QUINCY — There’s a steady flow of customers in and out of a tiny takeout spot called Italy’s Little Kitchen, which should not be surprising. Owner Rosa Toscano, a petite woman with a twinkle in her eye, makes everything from scratch, and with the love of an Italian mother. Many of Toscano’s customers call her “mama” and to her, they are like family.
Born in Gioiosa, a seaside village of Calabria, Italy, Toscano has been cooking here for seven years. Daughters Elisa, 35, and Sabrina, 39, help their mother run the place, which has four tables to eat-in, and maps of Italy on the walls. There’s truth in the eatery’s name: The kitchen is indeed small. “We work side-by-side in this tiny space and don’t kill each other,” says Elisa. “And we get to be with our mother every day.”
Rosa keeps a watchful eye on a simmering stock pot of tomato sauce as she works her way around the open kitchen, which looks more like a cluttered home kitchen than a commercial one.
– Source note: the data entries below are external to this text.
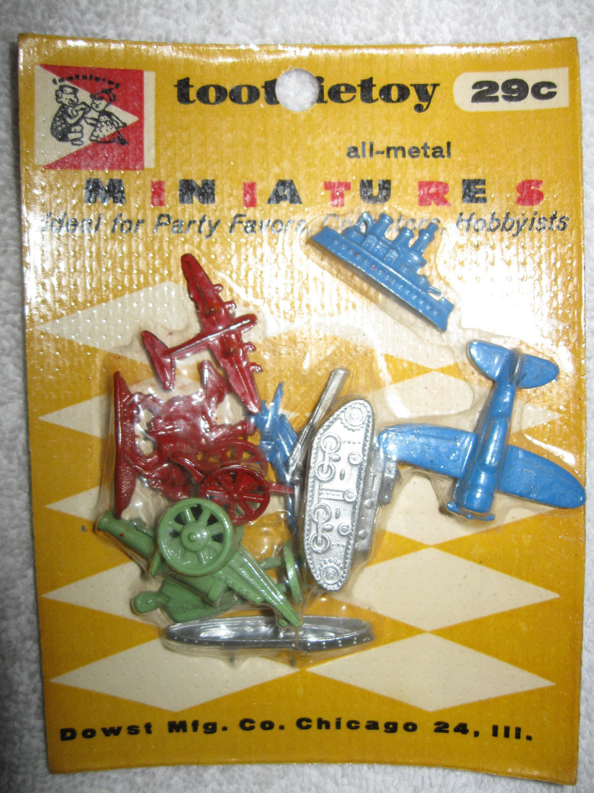 Title (ebay affiliate link): 1940s-50s Miniature Metal Tootsie toys WWII Ships Planes Figures Cannon Etc MOC
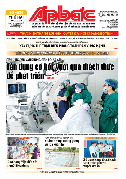 Năm 2023, các hoạt động chuyên môn, chỉ tiêu cơ bản của ngành Y tế Tiền Giang đều đạt theo kế hoạch được giao. Nhân kỷ niệm 69 năm Ngày Thầy thuốc Việt Nam (27-2-1955 - 27-2-2024), Tiến sĩ Nguyễn Văn Dương, Giám đốc Sở Y tế đã chia sẻ về những cơ hội và thách thức đối với ngành y tế tỉnh nhà hiện nay. Tận dụng cơ hội, vượt qua thách thức để phát triển (xem trang 8).
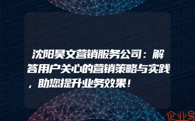 - 沈阳昊文营销服务公司:解答用户关心的营销策略与实践,助您提升业务效果!
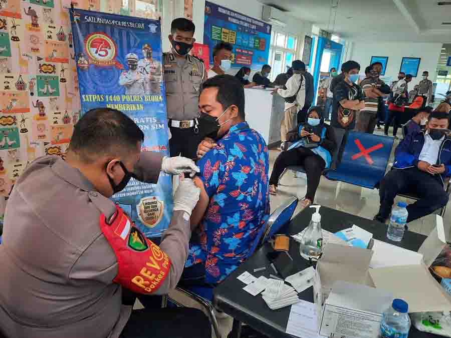SATUAN Lalu Lintas (Satlantas) Polres Blora menggelar kegiatan vaksinasi gratis kepada para pemohon SIM, Kamis (1/7/2021). Setidaknya ada 180 pemohon SIM dan warga sekitar kantor Satpas SIM mendapat vaksinasi gratis.
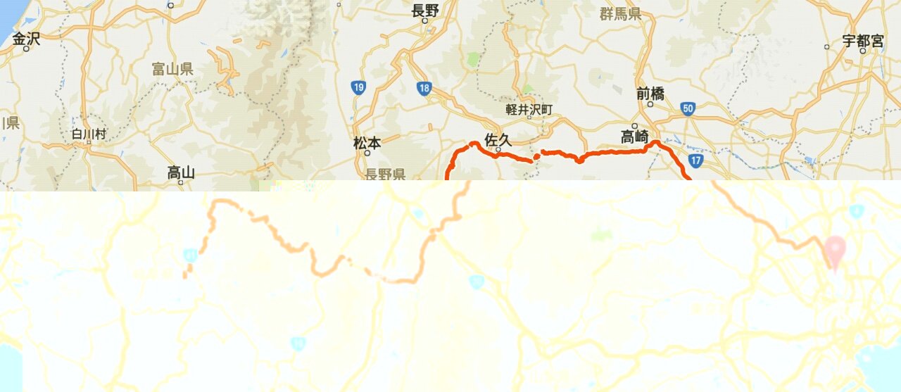 南回りは雨に遭いそうだったので開田高原~権兵衛~白樺湖~佐久~のルート、木曽福島からはカッパも脱いで最適でした。
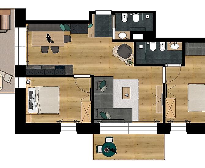4-6 osób (4 stałych łóżek) 80m²
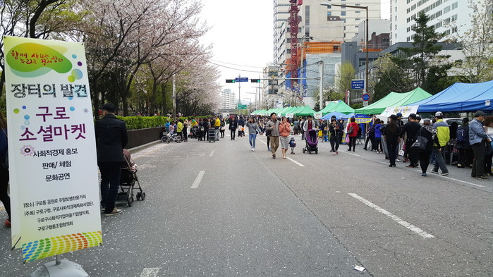 | △ 구로동 공원로 보행전용거리에서 열린 소셜마켓 ‘장터의 발견’ 행사 |
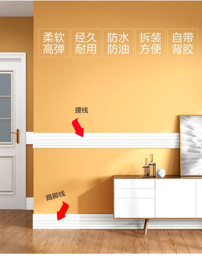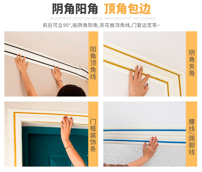 跨境自粘墙纸顶角线墙贴围边框踢脚线装饰贴纸防水阴阳角线防撞条

The refrigerator is covered with photos of family and customers’ children, postcards, and pictures of patron saints. Every day, Rosa makes four to six gallons of a lush tomato sauce; much of it gets ladled onto oversized, tender meatballs in a hefty sub with provolone (three meatballs to a sandwich). You can’t squeeze it shut.

Barry Chin/Globe staff
Rosa Toscano (center) and daughters Elisa (left) and Sabrina, of Italy’s Little Kitchen.
The cook says that customers think her meatballs are like vitamins and they’ll get sick without them. Three chicken cutlets, lightly breaded and fried in a pan, go into the chicken Parm sub. Sandwiches are made to order, warmed till the roll is crisp, and they are lethally large.
Plates of eggplant are smothered in Parmesan, doused with tomato sauce, and heaped onto pasta. There’s a soup every day, which might be minestrone or chicken and rice. Wednesdays, Rosa cooks her version of American chop suey with ground beef and sausage, mixed with small pasta shells. “Some say we give too much food,” says Rosa. “Why would we skimp?” asks Elisa.
The women know many customers by name and welcome them like friends. For Eddie Cronin, a Quincy bus driver of 40 years, it’s not only Rosa’s meatballs and chicken Parm, but the relationship he’s built with her family that draws him regularly. “If I come in and look tired or sad, they make me a special sandwich. I don’t have to say anything.”
Rosa learned to cook from her mother and aunts when she was a girl. She came to Boston 37 years ago to visit her brother with her husband, Francisco, a mason. The couple decided to stay. For 20 years Rosa worked for Talbots, the Hingham-based women’s clothing retailer, first in the factory and then in the stores.
But Rosa always wanted to have a little restaurant. When she found an empty storefront in Quincy more than half a dozen years ago, she renovated it and opened Italy’s Little Kitchen.
There’s one important detail about the restaurant: You’ll have to hunt to locate it. The address does not match its entrance. It’s in the rear of the building, across from the Quincy T station, and you go around the block to find the front door.
“It will take a bit of a walk to find us,” says Elisa. “But when you do you’ll never forget us.”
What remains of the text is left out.